▶ Problem details:
Your response to the data below should hold nothing except the lines from the one containing "Power is sent" down to the one containing "座椅子 折りたたみ 6段調整可能 肘掛 アイボリー グレー ブルー ブラウン", reproduced exactly and without pictures.

▶ Input data:
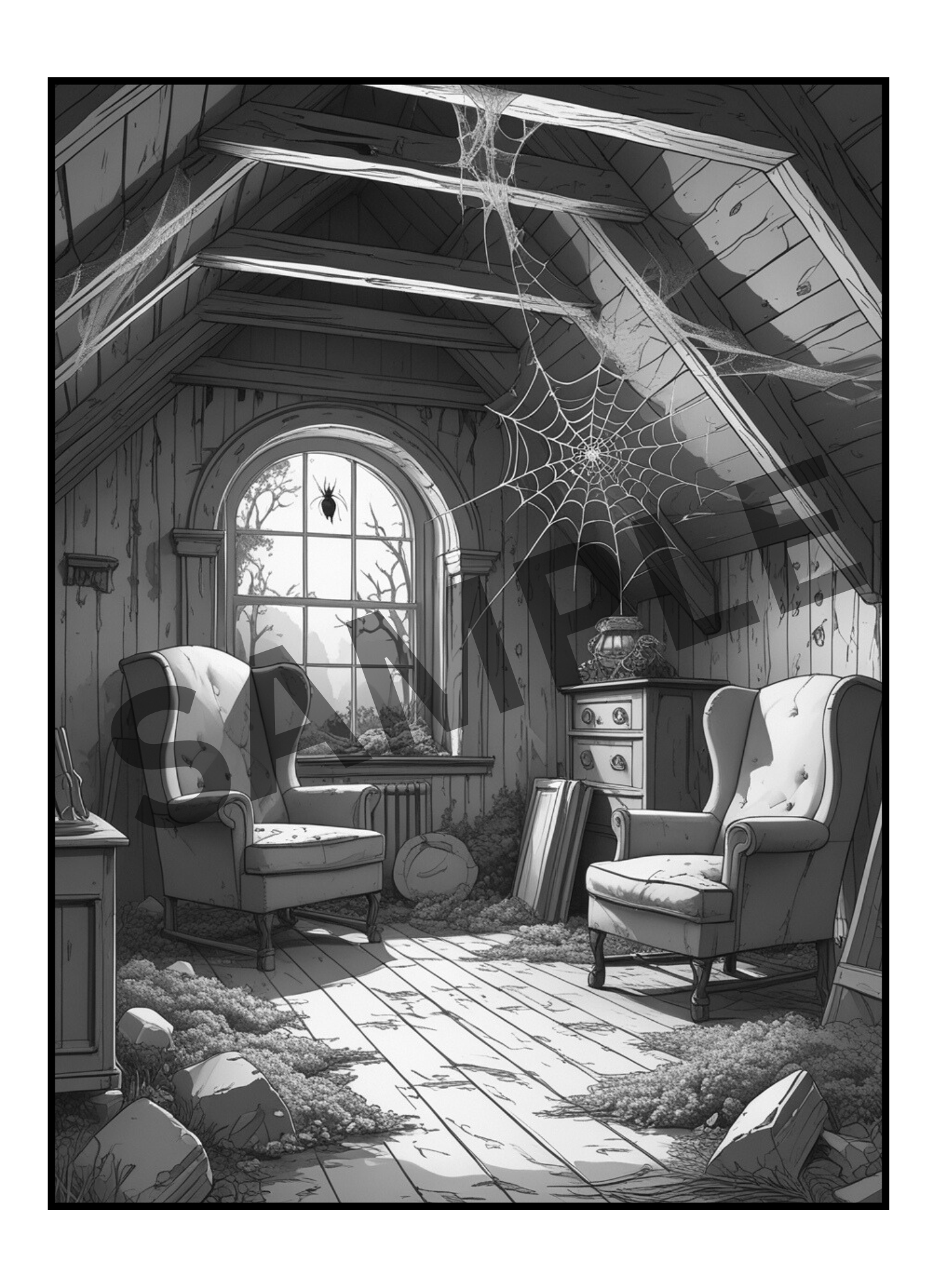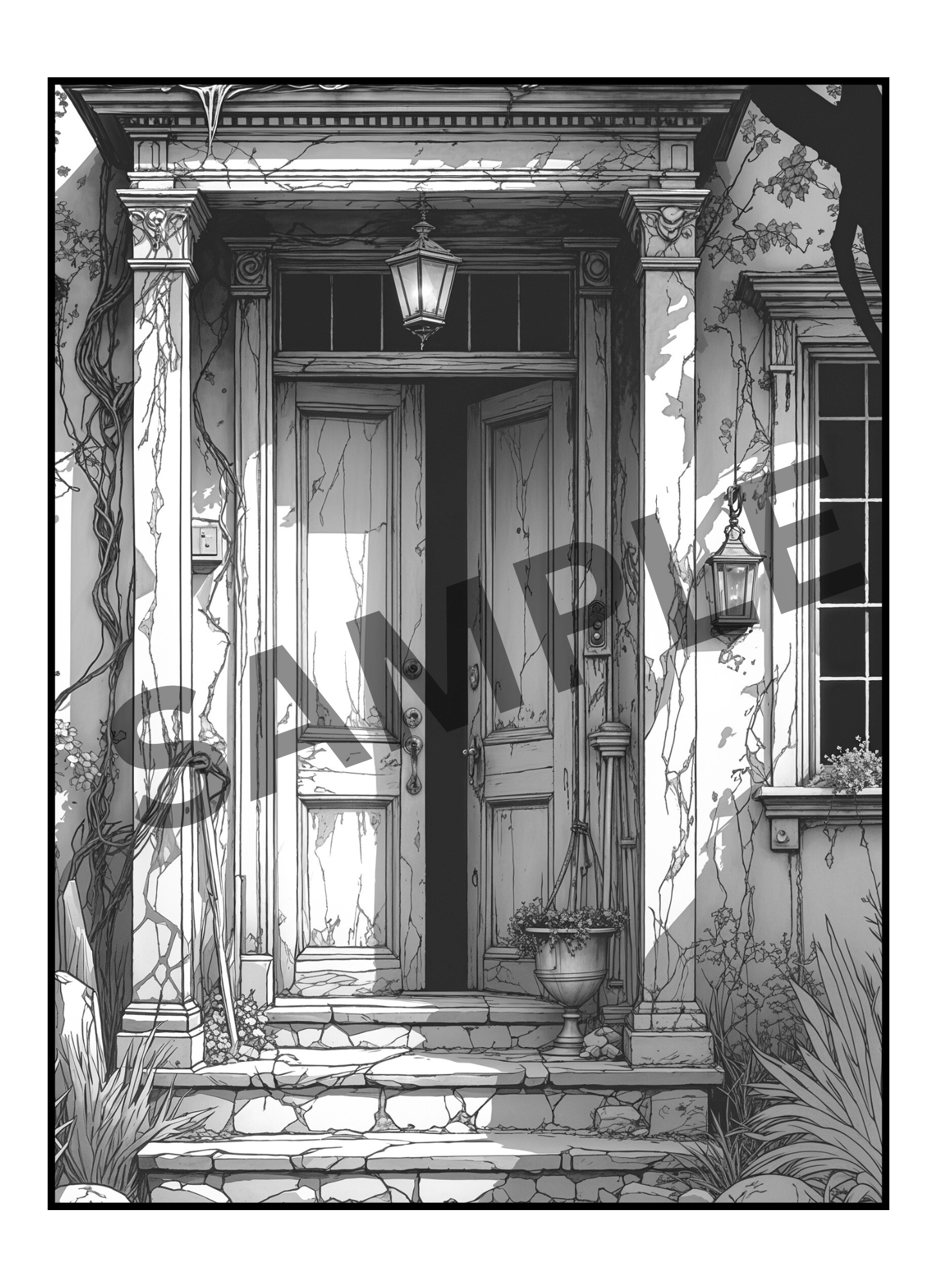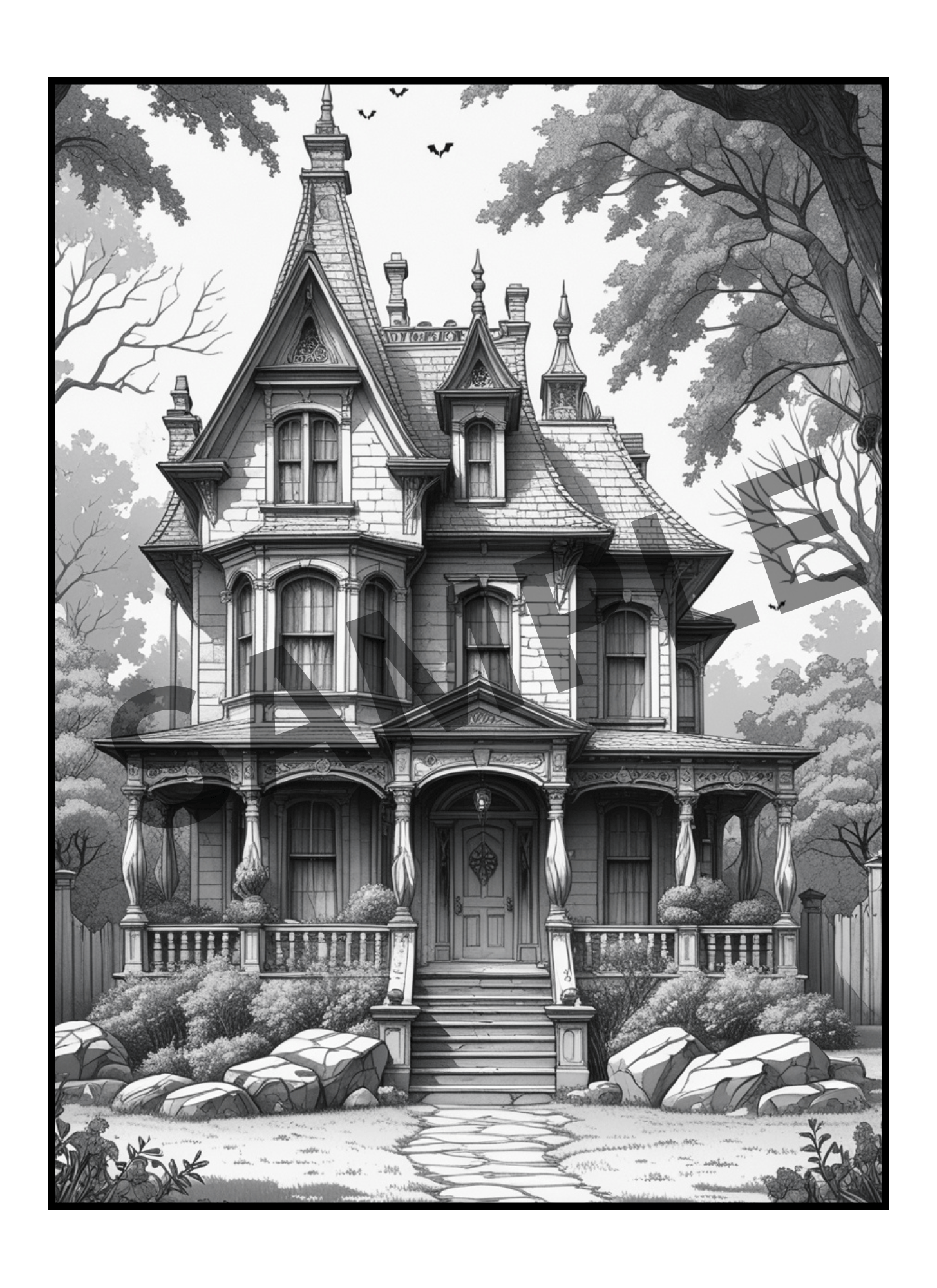 Haunted Houses Greyscale Coloring Pages (Digital Only!)
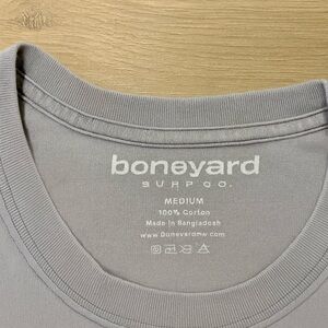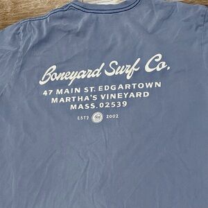 Authentic Boneyard Surf Co. t-shirt from the iconic surf shop on Main Street in Edgartown, Martha’s Vineyard. Super soft and broken-in with that perfect vintage boutique feel. Classic logo on the front and full shop branding on the back. Unisex medium, 100% cotton. Great for beach days, summer adventures, or casual everyday wear. From a beloved local brand established in 2002.
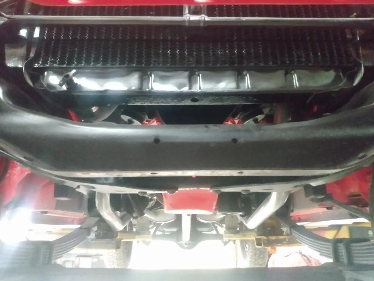 Power is sent to the rear wheels through a three-speed manual transmission. Service during the refurbishment included rebuilding the transmission and replacing the clutch and throwout bearing. An aftermarket dual exhaust system has been installed.
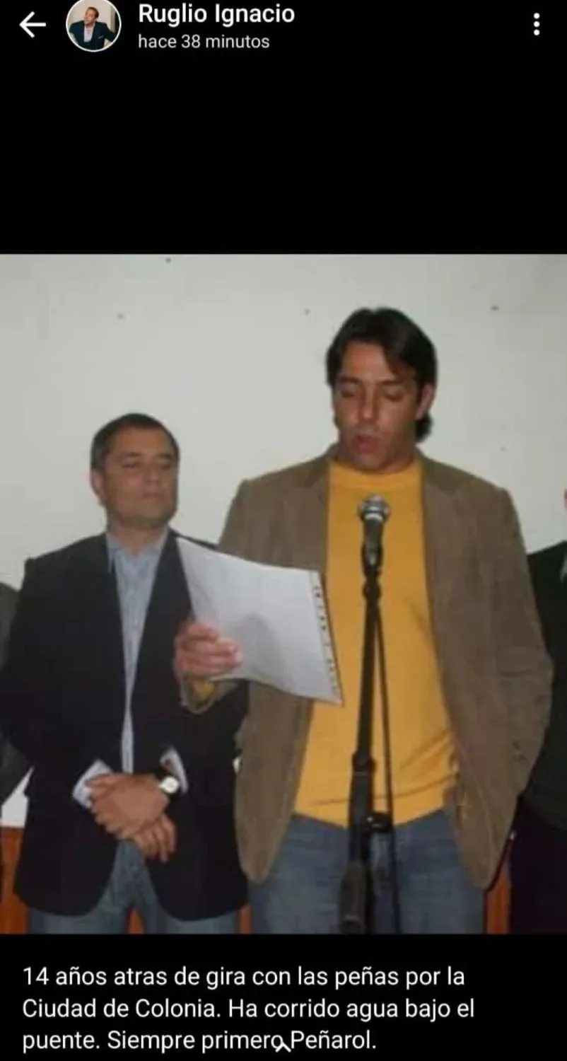 "14 años atrás de gira con las peñas por la ciudad de Colonia. Ha corrido agua bajo el puente. Siempre primero Peñarol", escribió Ruglio en la fotografía que subió a su estado de Whatsapp.
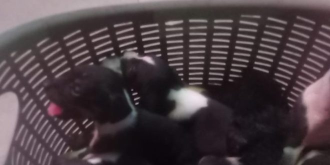 En la imagen se ve cómo 12 perritos de color negro fueron dejados a su suerte en un cesto de color gris.
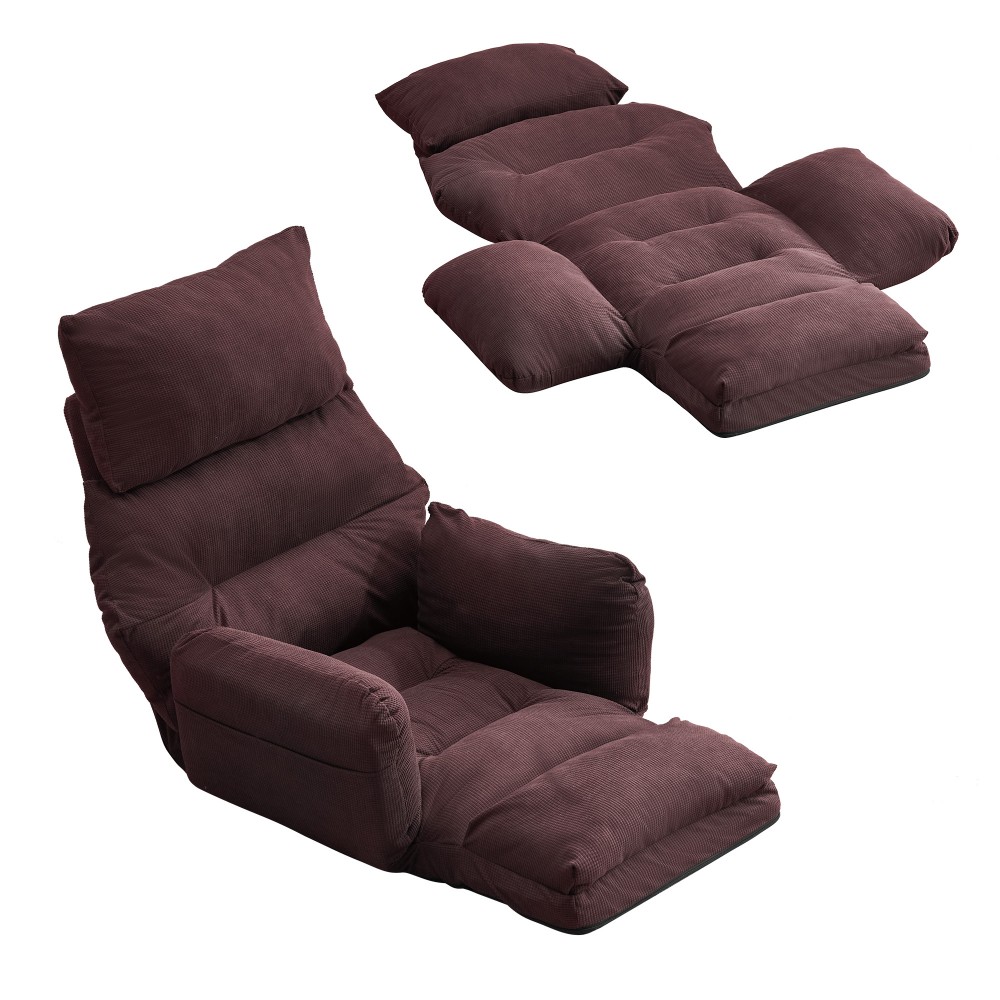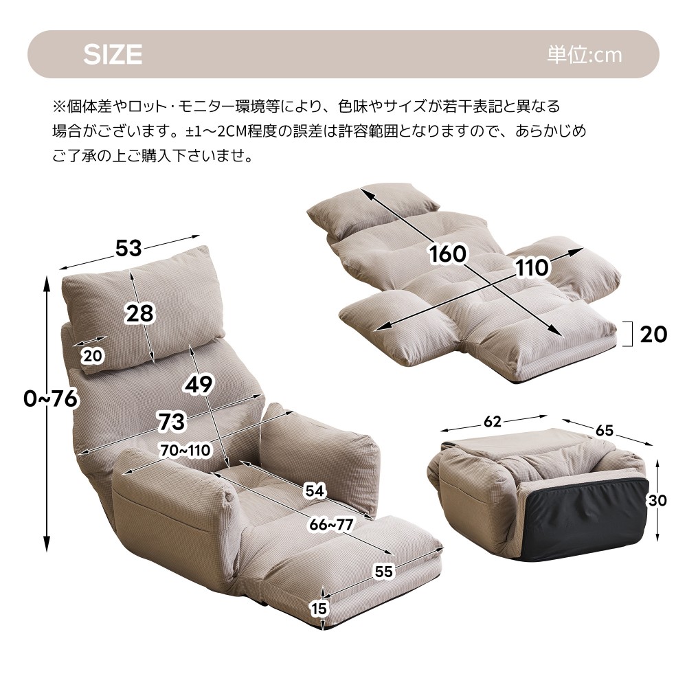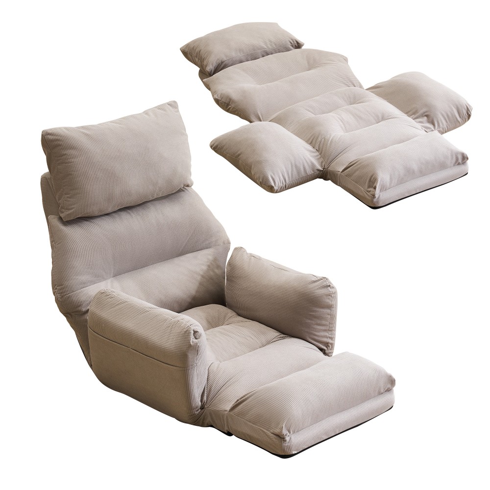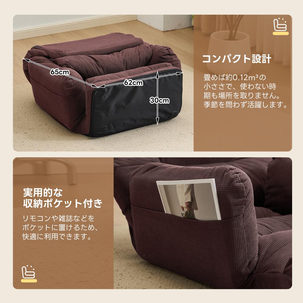 座椅子 折りたたみ 6段調整可能 肘掛 アイボリー グレー ブルー ブラウン
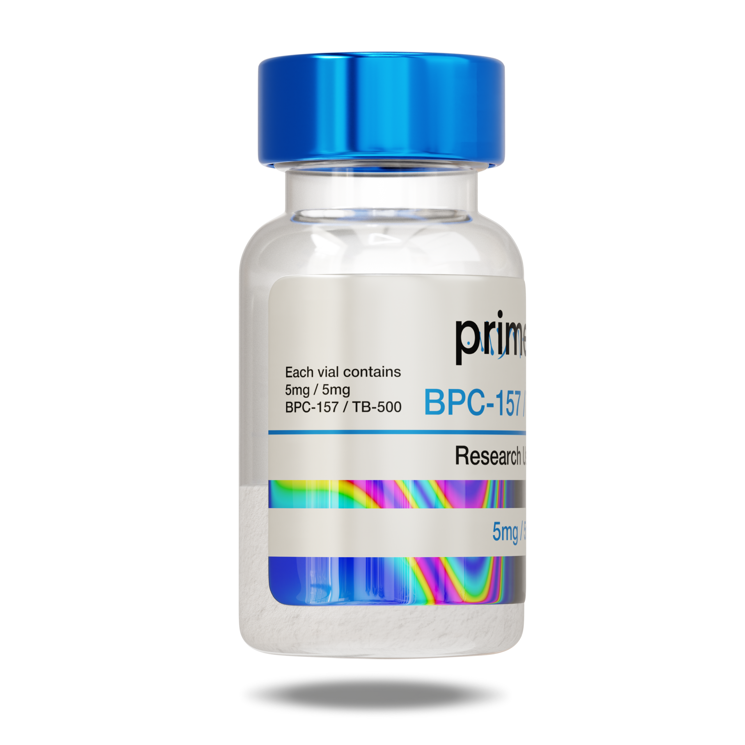 BPC-157 / TB-500 (5 mg / 5 mg) is a complementary research peptide blend combining BPC-157 (a gastric pentadecapeptide fragment) and TB-500 (a thymosin β4–derived fragment) often studied together in models of tissue protection, regeneration, and recovery.
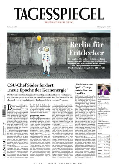 Reflektiert und tagesaktuell – Der Tagesspiegel geht den Dingen auf den Grund und beleuchtet meinungsstark nationale und globale Entwicklungen, ohne tendenziös zu sein. Als auflagenstärkste Tageszeitung Berlins ist das Journal nicht nur die erste Wahl bei lokalen Ereignissen und den Geschehnissen rund um das Berliner Politparkett, sondern bewegt sich thematisch ebenso auf der internationalen Bühne. Mit einem Abo bei United Kiosk erhalten Sie täglich relevante Informationen aus aller Welt.

▶ Your solution:
 Power is sent to the rear wheels through a three-speed manual transmission. Service during the refurbishment included rebuilding the transmission and replacing the clutch and throwout bearing. An aftermarket dual exhaust system has been installed.
 "14 años atrás de gira con las peñas por la ciudad de Colonia. Ha corrido agua bajo el puente. Siempre primero Peñarol", escribió Ruglio en la fotografía que subió a su estado de Whatsapp.
 En la imagen se ve cómo 12 perritos de color negro fueron dejados a su suerte en un cesto de color gris.
 座椅子 折りたたみ 6段調整可能 肘掛 アイボリー グレー ブルー ブラウン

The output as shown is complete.